## Instructions to follow
An exact copy of the data below is needed; please leave out any pictures.

-------- Dataset content --------

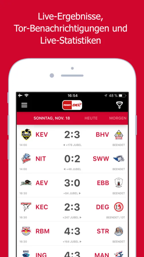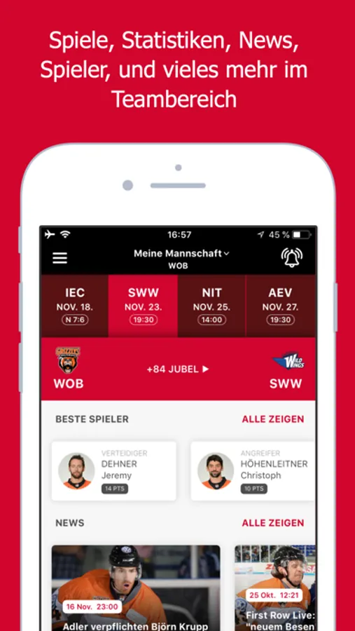Genieß Live Statistiken samt Pushnachrichten, visualisierte Aufstellungen und viele weitere Statistiken rund um die Spiele. Du willst wissen, wie sich dein Team schlägt? Schau dir den mein Team Bereich an, hier siehst Du alle Statistiken, die nächsten Spiele und besten Spieler deines Teams. Du interessierst Dich für Spielerdaten? Jetzt siehst Du nicht nur aktuelle Spielerstatistiken, sondern auch deren Karrierestatistiken, die beste Saisonleistung und ein Spielerprofil mit Foto.
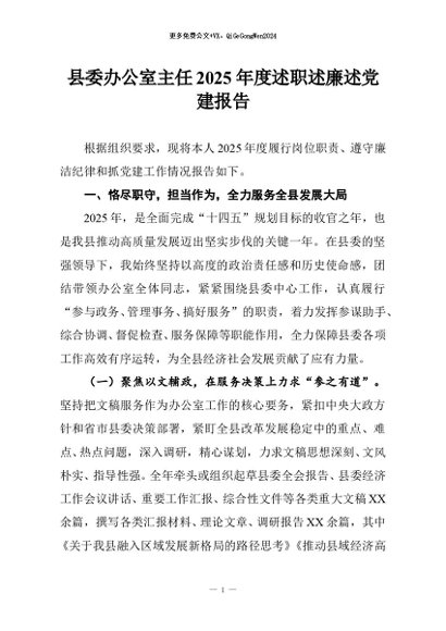 / 【七哥公文】2026年:县委办公室主任2025年度述职述廉述党建报告_副本+更多免费公文+VX:QiGeGongWen2024
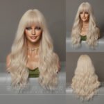 Model: Synthetic Long Wavy Orange Ginger Wigs with Bangs

--------

## Your response
Genieß Live Statistiken samt Pushnachrichten, visualisierte Aufstellungen und viele weitere Statistiken rund um die Spiele. Du willst wissen, wie sich dein Team schlägt? Schau dir den mein Team Bereich an, hier siehst Du alle Statistiken, die nächsten Spiele und besten Spieler deines Teams. Du interessierst Dich für Spielerdaten? Jetzt siehst Du nicht nur aktuelle Spielerstatistiken, sondern auch deren Karrierestatistiken, die beste Saisonleistung und ein Spielerprofil mit Foto.
 / 【七哥公文】2026年:县委办公室主任2025年度述职述廉述党建报告_副本+更多免费公文+VX:QiGeGongWen2024
 Model: Synthetic Long Wavy Orange Ginger Wigs with Bangs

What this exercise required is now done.